_EXERCISE REQUIREMENTS_: Your job with the data below: print everything from the line that holds "Dessa namnskyltar passar" down to the line that holds "The One by FK", ends included, exactly, and nothing else.

_PROVIDED DATA_:

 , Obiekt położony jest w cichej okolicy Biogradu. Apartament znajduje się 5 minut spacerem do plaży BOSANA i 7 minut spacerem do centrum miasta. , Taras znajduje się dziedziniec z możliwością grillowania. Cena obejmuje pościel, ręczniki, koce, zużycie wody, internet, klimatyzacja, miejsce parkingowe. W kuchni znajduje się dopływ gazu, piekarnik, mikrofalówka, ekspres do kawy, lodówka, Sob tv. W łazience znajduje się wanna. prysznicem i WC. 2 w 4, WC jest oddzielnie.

...

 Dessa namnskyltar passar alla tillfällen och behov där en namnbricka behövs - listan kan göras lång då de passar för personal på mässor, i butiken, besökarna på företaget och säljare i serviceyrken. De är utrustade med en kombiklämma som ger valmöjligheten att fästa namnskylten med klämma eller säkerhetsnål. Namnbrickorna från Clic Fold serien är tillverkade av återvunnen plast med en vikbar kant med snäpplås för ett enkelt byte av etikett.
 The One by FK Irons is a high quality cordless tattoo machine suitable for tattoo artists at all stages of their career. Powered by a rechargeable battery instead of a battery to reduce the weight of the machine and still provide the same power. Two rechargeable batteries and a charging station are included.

--

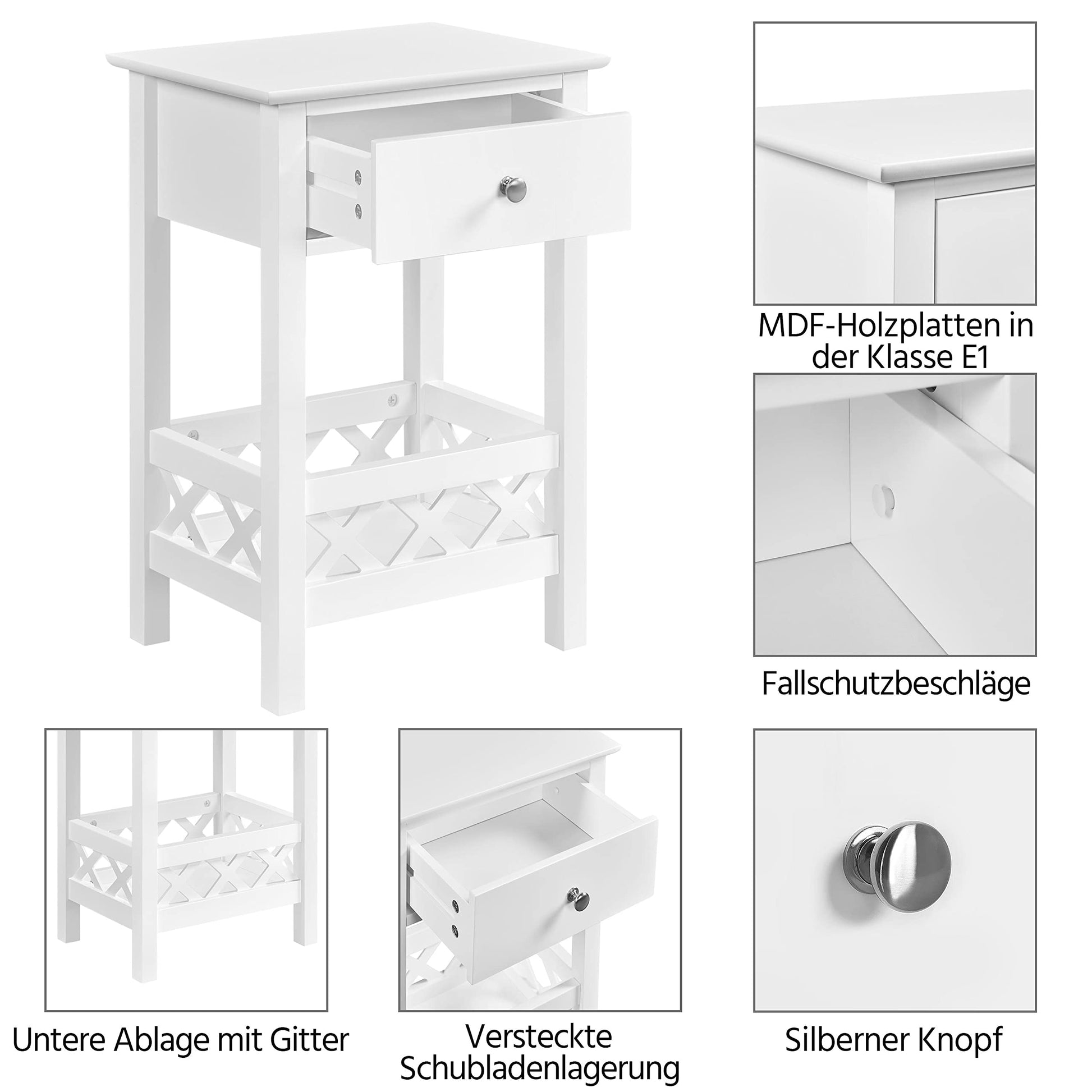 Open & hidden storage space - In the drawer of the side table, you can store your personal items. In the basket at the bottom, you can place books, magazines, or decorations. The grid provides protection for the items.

_COMPLETED TASK_:
 Dessa namnskyltar passar alla tillfällen och behov där en namnbricka behövs - listan kan göras lång då de passar för personal på mässor, i butiken, besökarna på företaget och säljare i serviceyrken. De är utrustade med en kombiklämma som ger valmöjligheten att fästa namnskylten med klämma eller säkerhetsnål. Namnbrickorna från Clic Fold serien är tillverkade av återvunnen plast med en vikbar kant med snäpplås för ett enkelt byte av etikett.
 The One by FK Irons is a high quality cordless tattoo machine suitable for tattoo artists at all stages of their career. Powered by a rechargeable battery instead of a battery to reduce the weight of the machine and still provide the same power. Two rechargeable batteries and a charging station are included.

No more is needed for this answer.